_What you need to do_. Write out exactly the lines from the one that contains "Karykatura przedstawia paralotniarza." down to the last line of the material below, keeping both ends and omitting pictures.

(Collected data)

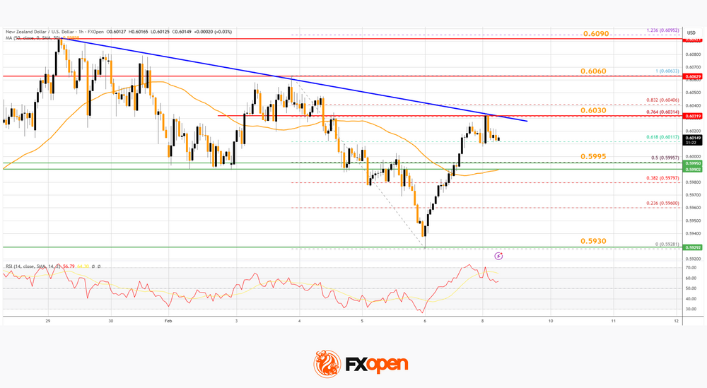 - There is a major bearish trend line forming with resistance at 0.6030 on the hourly chart of NZD/USD at FXOpen.
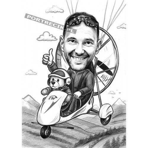 Karykatura przedstawia paralotniarza. W góry i chmury. Dobry pomysł na prezent dla fana paralotni / motoparalotni.
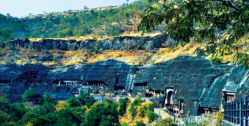 印度阿旃陀石窟鑿于一處馬蹄形暗色巖陡崖上,其形成年代主要分為兩個時期:公元前2世紀(jì)至公元前1世紀(jì)和公元5至6世紀(jì)。它集古代建筑、雕刻、繪畫之大成,融佛教信仰、文化變遷、社會生活于一體,既具有極高的藝術(shù)價值,又飽含深厚的歷史底蘊(yùn)。圖為在印度馬哈拉施特拉邦拍攝的阿旃陀石窟外景。 新華社記者 張迺杰/攝
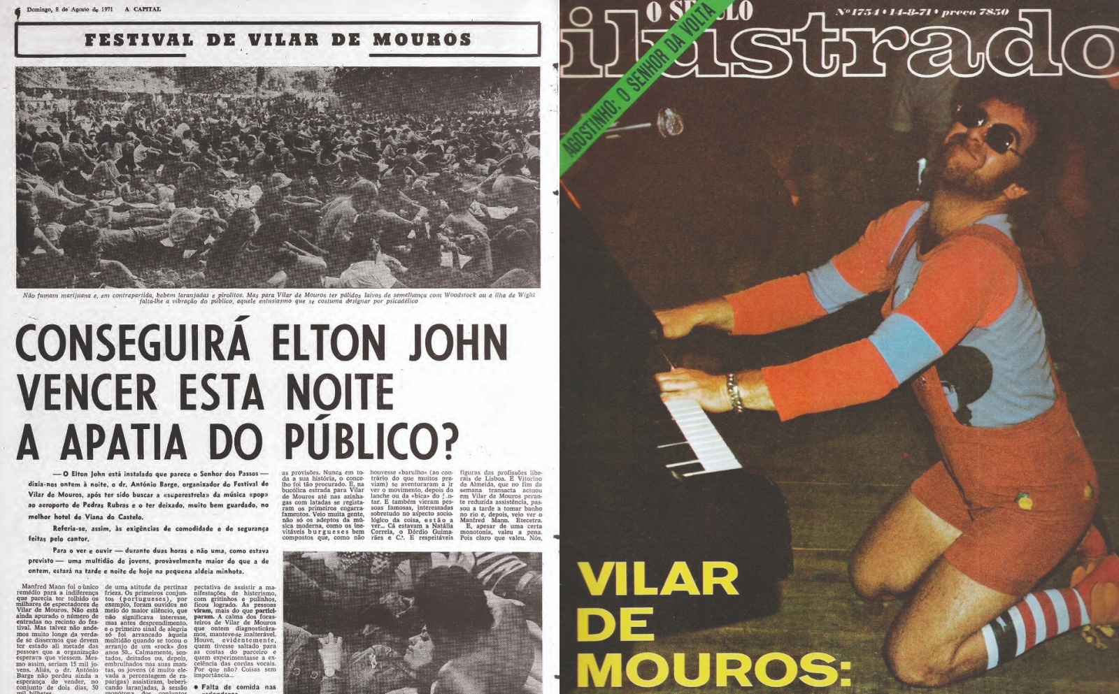 A população da pequena aldeia primeiro estranhou aquela multidão de “cabeludos” e depois entranhou o espírito – para desespero da igreja local que apenas viu “libertinagem” em Vilar de Mouros. O pároco da aldeia excomungou António Barge, a família deste e todos os colaboradores do festival… O relatório final da Direção-geral de Segurança (DGS) também não foi brando em relação aos “comportamentos promíscuos” daqueles “hippies famintos e cabeludos”. E a indumentária extravagante da estrela Elton John também não passou despercebida à polícia política, que sinalizou “os modos soberbos” e a “má impressão” causada pelo artista britânico…

(End Collected data)

_Your solution_.
 Karykatura przedstawia paralotniarza. W góry i chmury. Dobry pomysł na prezent dla fana paralotni / motoparalotni.
 印度阿旃陀石窟鑿于一處馬蹄形暗色巖陡崖上,其形成年代主要分為兩個時期:公元前2世紀(jì)至公元前1世紀(jì)和公元5至6世紀(jì)。它集古代建筑、雕刻、繪畫之大成,融佛教信仰、文化變遷、社會生活于一體,既具有極高的藝術(shù)價值,又飽含深厚的歷史底蘊(yùn)。圖為在印度馬哈拉施特拉邦拍攝的阿旃陀石窟外景。 新華社記者 張迺杰/攝
 A população da pequena aldeia primeiro estranhou aquela multidão de “cabeludos” e depois entranhou o espírito – para desespero da igreja local que apenas viu “libertinagem” em Vilar de Mouros. O pároco da aldeia excomungou António Barge, a família deste e todos os colaboradores do festival… O relatório final da Direção-geral de Segurança (DGS) também não foi brando em relação aos “comportamentos promíscuos” daqueles “hippies famintos e cabeludos”. E a indumentária extravagante da estrela Elton John também não passou despercebida à polícia política, que sinalizou “os modos soberbos” e a “má impressão” causada pelo artista britânico…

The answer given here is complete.